* TO DO
For this exercise, repeat exactly the lines below starting at the line holding "KNAYAM Badi Elaichi, also" and ending at the line holding "Runde Dose mit", both included, with no extra lines and no pictures.

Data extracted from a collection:

▼

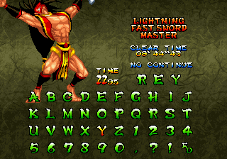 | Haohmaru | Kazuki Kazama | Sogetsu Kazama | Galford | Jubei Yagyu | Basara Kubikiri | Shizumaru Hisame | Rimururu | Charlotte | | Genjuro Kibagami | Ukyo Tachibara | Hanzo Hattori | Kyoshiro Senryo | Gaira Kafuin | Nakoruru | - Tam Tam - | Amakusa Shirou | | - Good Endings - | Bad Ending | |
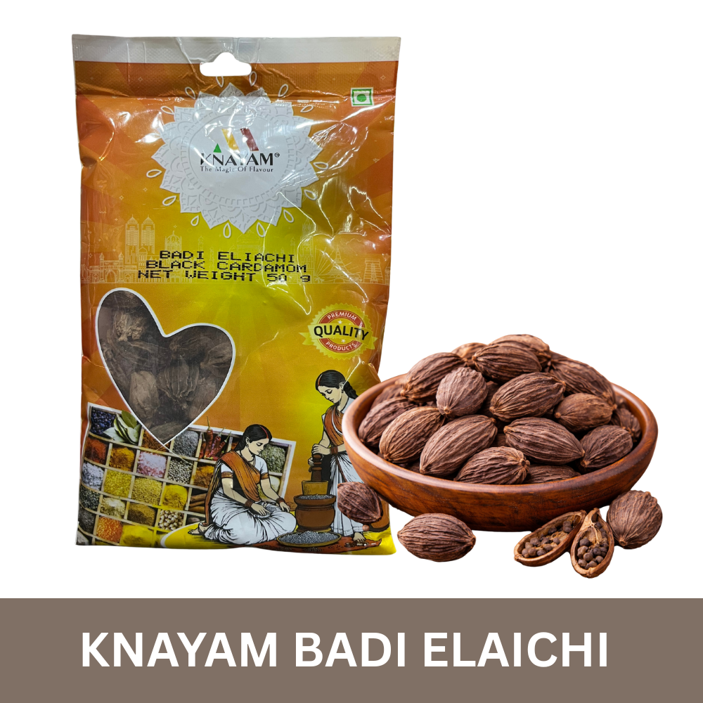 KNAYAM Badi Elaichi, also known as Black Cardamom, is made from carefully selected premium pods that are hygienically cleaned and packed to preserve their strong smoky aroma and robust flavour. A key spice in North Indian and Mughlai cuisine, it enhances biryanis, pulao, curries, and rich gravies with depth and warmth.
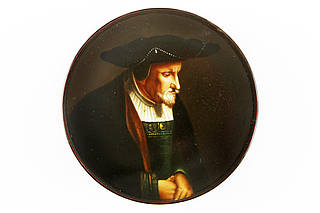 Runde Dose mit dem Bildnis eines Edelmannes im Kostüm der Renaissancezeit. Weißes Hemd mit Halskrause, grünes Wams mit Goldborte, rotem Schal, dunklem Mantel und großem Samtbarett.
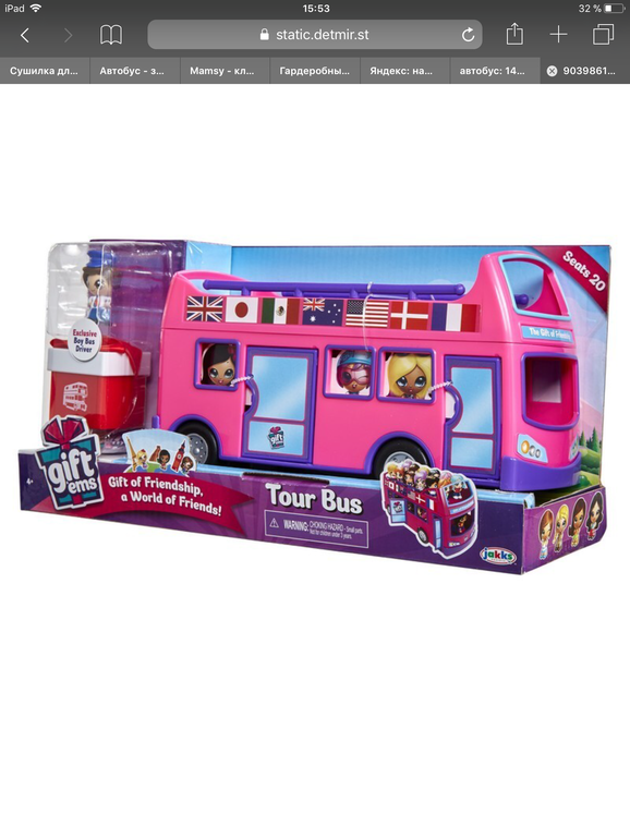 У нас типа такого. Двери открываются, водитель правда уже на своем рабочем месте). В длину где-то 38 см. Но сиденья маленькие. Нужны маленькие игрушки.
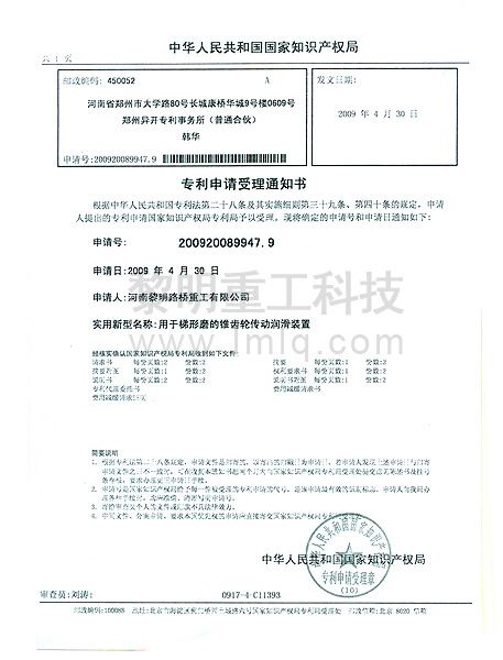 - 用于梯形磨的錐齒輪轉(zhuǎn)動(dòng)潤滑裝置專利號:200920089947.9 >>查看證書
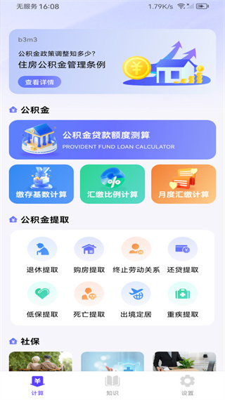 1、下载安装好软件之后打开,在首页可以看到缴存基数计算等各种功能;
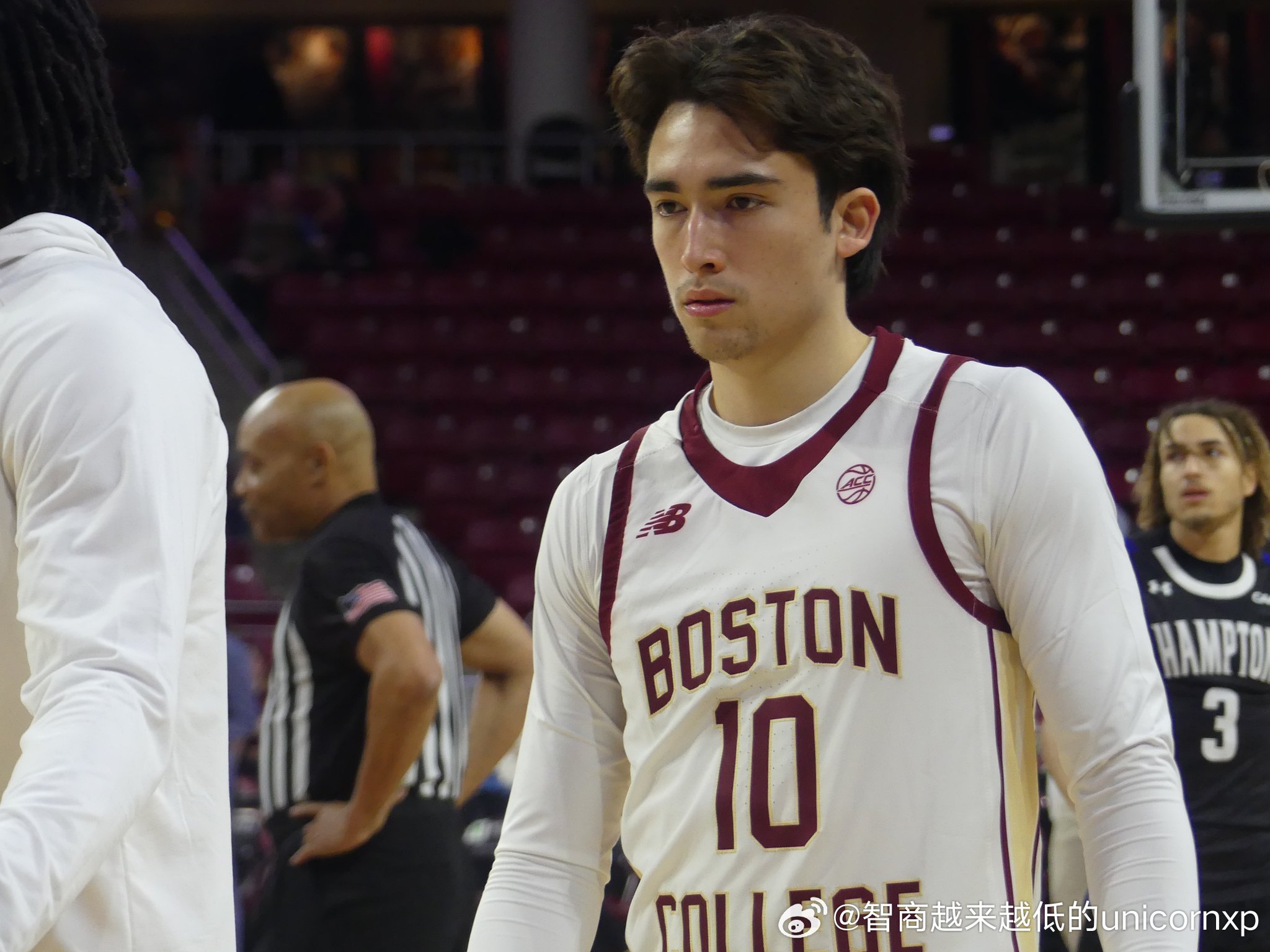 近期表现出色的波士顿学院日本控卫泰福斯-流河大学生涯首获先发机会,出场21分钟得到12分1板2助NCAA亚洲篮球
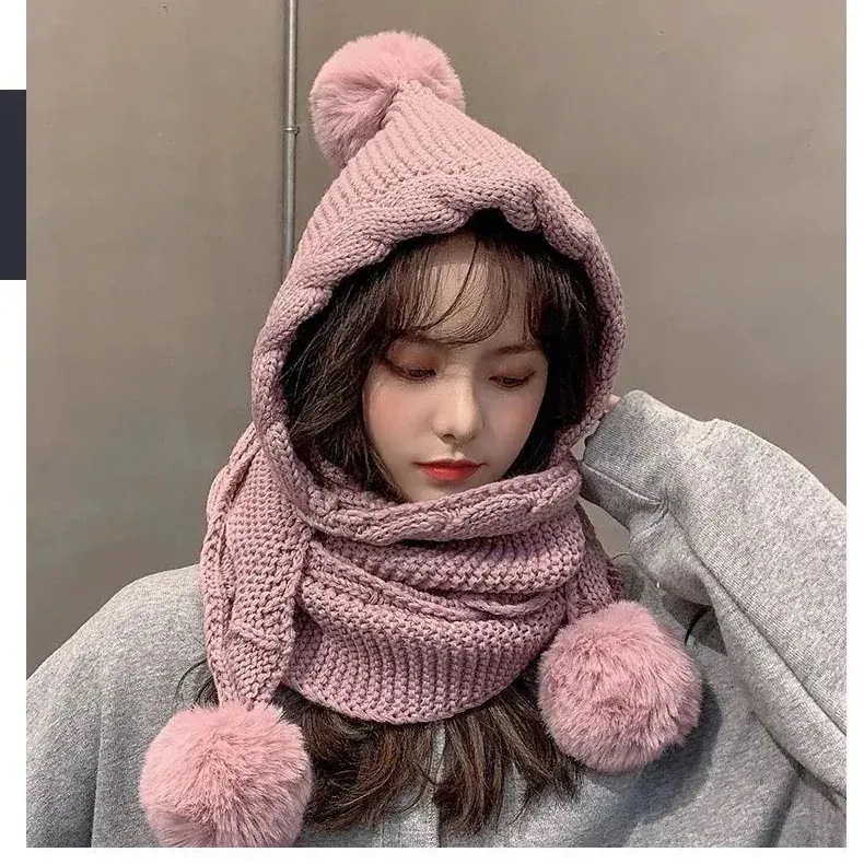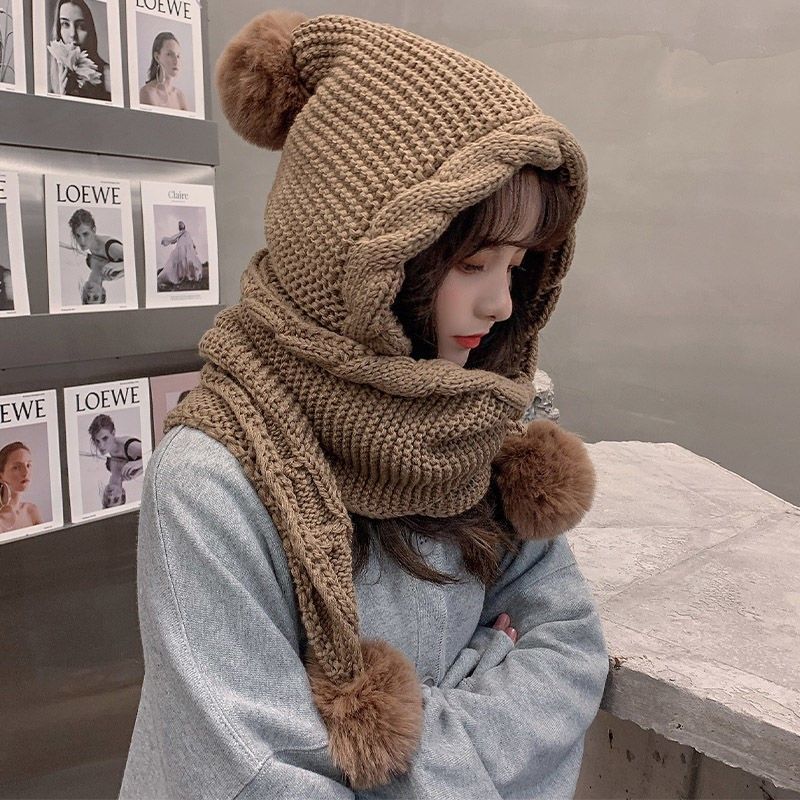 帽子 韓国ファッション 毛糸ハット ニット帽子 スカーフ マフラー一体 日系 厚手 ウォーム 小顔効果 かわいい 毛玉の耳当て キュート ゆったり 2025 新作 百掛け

▲

* WRITTEN REPLY
 KNAYAM Badi Elaichi, also known as Black Cardamom, is made from carefully selected premium pods that are hygienically cleaned and packed to preserve their strong smoky aroma and robust flavour. A key spice in North Indian and Mughlai cuisine, it enhances biryanis, pulao, curries, and rich gravies with depth and warmth.
 Runde Dose mit dem Bildnis eines Edelmannes im Kostüm der Renaissancezeit. Weißes Hemd mit Halskrause, grünes Wams mit Goldborte, rotem Schal, dunklem Mantel und großem Samtbarett.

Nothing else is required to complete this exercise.